2️ Extracting and Cleaning Text
function cleanText(text) {
return text
.replace(/-\n/g, '') // Remove hyphenated line breaks
.replace(/\n([a-z])/g, ' $1') // Merge broken words mid-sentence
.replace(/\s{2,}/g, ' ') // Remove extra spaces
.replace(/\n{2,}/g, '\n\n') // Preserve paragraph breaks
.trim();
}
Since text extraction from PDFs can be messy, this function removes unwanted characters and improves readability.
3️ Creating an Excerpt
function getExcerpt(text, length = 100) {
let trimmed = text.slice(0, length).trim();
return trimmed.length < text.length ? trimmed + '...' : trimmed;
}
This ensures each extracted PDF has a brief preview of its content.

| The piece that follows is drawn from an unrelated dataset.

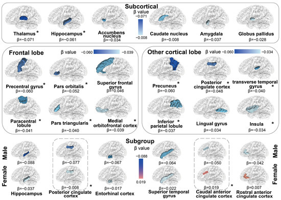 Associations between dietary n-6 PUFA intake and the volume of brain gray matter. The relationships between dietary n-6 PUFA intake and the volumes of the brain subcortex and cortex were assessed using multiple linear regression models among 20,506 participants with available MRI data from the UK Biobank. Results are presented as β values, with significance determined by p values. Furthermore, the results of stratified analyses by sex are presented at the bottom. Regions marked in red denote positive correlations, while those in blue denote negative correlations. The color from light to dark indicates that the absolute value of the effect value changes from small to large. The brain structure is in bold font and with an asterisk which indicates the association of statistical significance.

4️ Reading and Processing PDFs
fs.readdir(inputFolder, (err, files) => {
if (err) throw err;
let pdfDataArray = [];
let filePromises = files.map((file) => {
if (path.extname(file).toLowerCase() === '.pdf') {
const pdfPath = path.join(inputFolder, file);
return fs.promises
.readFile(pdfPath)
.then((data) => pdf(data))
.then((result) => {
pdfDataArray.push({
filename: file,
title: path
.basename(file, '.pdf')
.replace(/[-_%20]+/g, ' ')
.trim(),
excerpt: getExcerpt(cleanText(result.text), 100),
content: cleanText(result.text),
});
})
.catch((err) => console.error(`Error processing ${file}:`, err));
}
});
This reads all PDF files in the folder, extracts their text, and processes them.
5️ Saving Extracted Data as a JavaScript File
Promise.all(filePromises).then(() => {
const formattedData = pdfDataArray
.map(
(obj) => `{
filename: ${JSON.stringify(obj.filename)},
title: ${JSON.stringify(obj.title)},
excerpt: ${JSON.stringify(obj.excerpt)},
content: ${JSON.stringify(obj.content)}
}`
)
.join(',\n');
const jsContent = `window.data = [\n${formattedData}\n];`;
fs.writeFileSync(outputFile, jsContent, 'utf-8');
console.log(`Saved extracted text as a JS file: ${outputFile}`);
});
Instead of saving the extracted data as a JSON file, the script generates a window.data JavaScript object. This allows for easy integration into web applications.
How to Use
1️ Install Dependencies
npm install pdf-parse
2️ Place Your PDFs in the downloads/ Folder
Make sure your target PDFs are in the specified folder.
3️ Run the Script
node script.js
4️ Use output.js in a Web App
Include the generated output.js file in an HTML page:
<script src="output.js"></script>
<script>
console.log(window.data); // Access extracted PDF content
</script>
Final Thoughts
This script provides a powerful way to extract and clean text from PDFs and save it in a format that can be directly used in a web application. Whether you're building a searchable document archive, a text analysis tool, or an online reading platform, this approach can save time and improve content accessibility.